Transcranial ultrasound was conducted by our experienced ultrasound practitioners within one week after clinical assessments. The individuals were examined in the supine position. The brain was insonated through the bilateral temporal acoustic bone window in the orbitomeatal line using a transducer (Acuson Sequoia 512, Siemens, Erlangen, Germany) with an emitting frequency of 2 MHz, a wall filter of 150 Hz, and a Doppler angle of 48°.27,28 Blood flow velocities of the middle cerebral arteries (MCAs), including peak systolic velocity (PSV) and end-diastolic velocity (EDV), were obtained at the depth of 52 to 64 mm, where the hemodynamic signals were the most stable.28 Resistive indexes (RIs) were calculated automatically by the internal algorithm according to the formula RI = (PSV-EDV)/PSV.27 The angle of the transducer was varied when needed. These parameters were obtained bilaterally over at least 10 cardiac cycles after a 30s stable period with a clear signal. Transcranial ultrasound was performed in a darkened room by the same experienced clinician who was blinded to the individuals’ clinical status to eliminate any bias in the examination results.

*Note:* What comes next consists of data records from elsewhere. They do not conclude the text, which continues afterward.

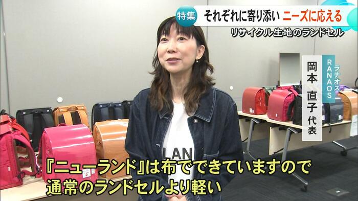 RANAOSの岡本直子代表は「一般的なランドセルは革や合皮で作るんですが、ニューランドは布でできていますので、通常のランドセルより軽い」と話す。
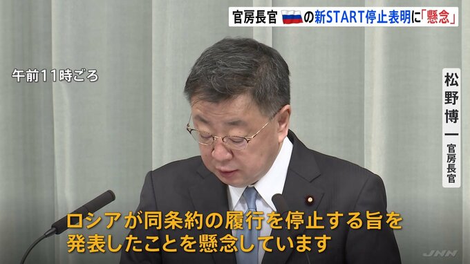 松野官房長官は、ロシアのプーチン大統領がアメリカとの核軍縮の枠組み「新START」=新戦略兵器削減条約の履行停止を発表したことに懸念を示し、「引き続き動向を注視する」と述べました。松野官房長官「新STARTは…
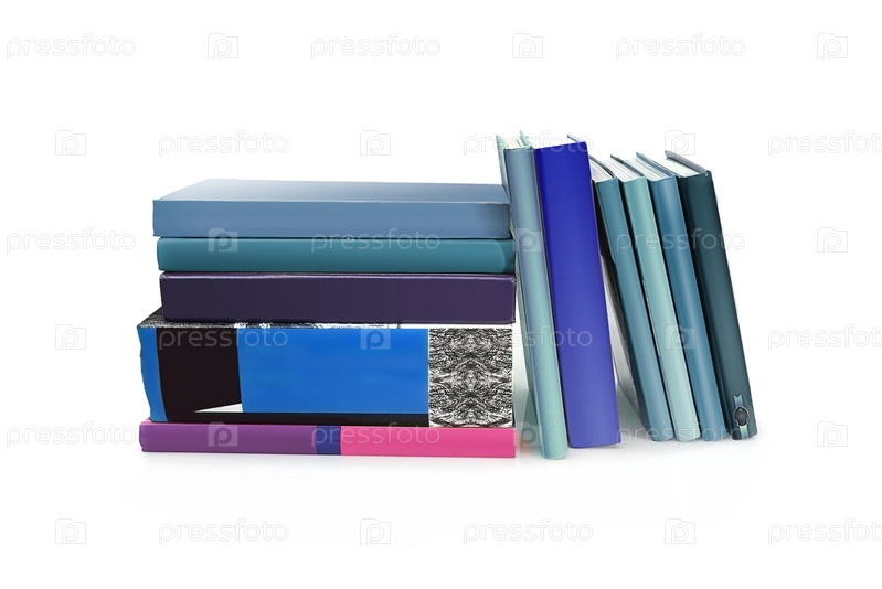 Куча книг в цветных обложках с белыми листами, изолированными на белом фоне
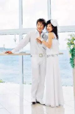 后来一查不是啦,人家2008年结的婚,女方也是个艺人,叫麦景婷。结婚的时候已经相爱14年了,新娘子当年的婚纱照也是美美哒。
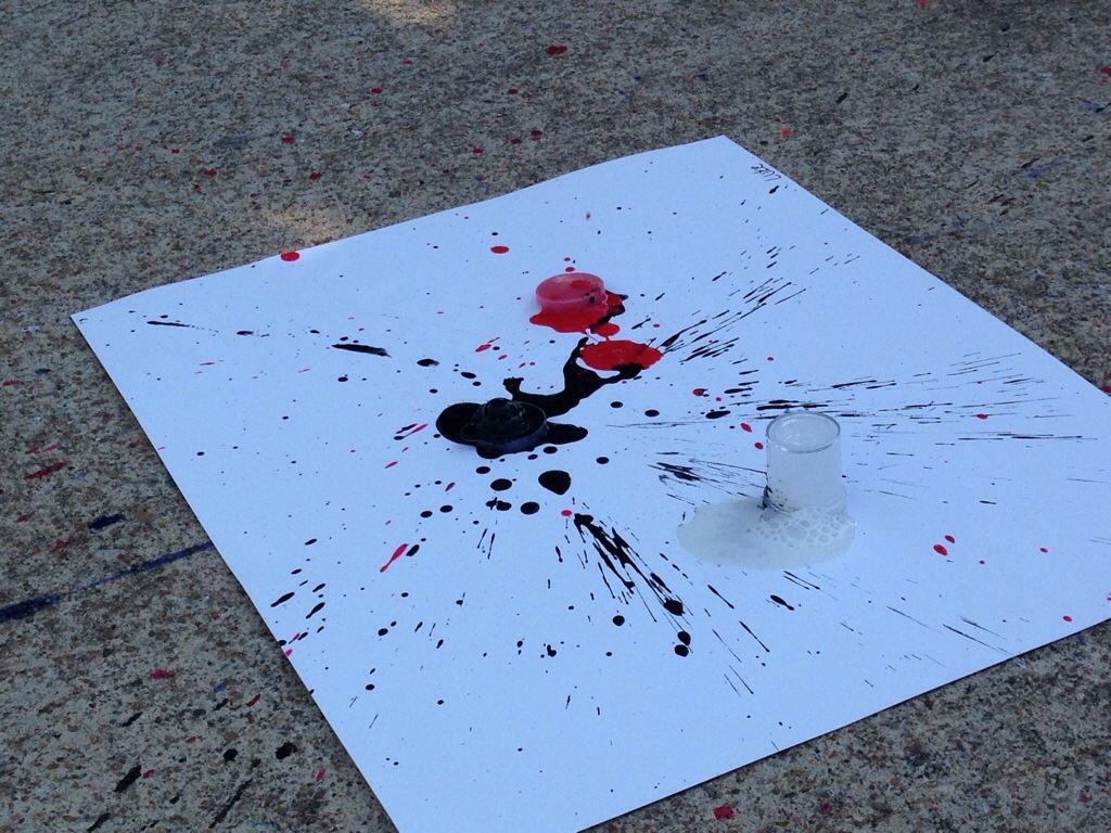 We popped an alka seltzer into the canister with the paint then quickly put the top on and flipped them upside down on a poster board. The pressure builds and they explode! The paint flies out and creates fun art 🙂

All statistical analyses were conducted with IBM SPSS Statistics, version 25.0, 64-bit (IBM Corporation, Armonk, NY, USA). Normality tests were verified using Kolmogorov–Smirnov test or Shapiro–Wilk’s test. Quantitative data were compared using Student’s t-test if normally distributed or non-parametric Mann–Whitney U-test if not normally distributed. Categorical variables were compared using chi-square test. Unary linear regression was used to assess the association between scores of specific cognitive domains and cerebral hemodynamic parameters. A binary logistic regression model with backward stepwise procedure was applied to build the model for discriminating CI. Hosmer-Lemeshow test was performed to assess the goodness of fit in logistic regression analyses. Areas under the curves (AUCs) were calculated to estimate the efficiency of our model. All the statistical tests were 2-sided, and p < 0.05 was considered statistically significant.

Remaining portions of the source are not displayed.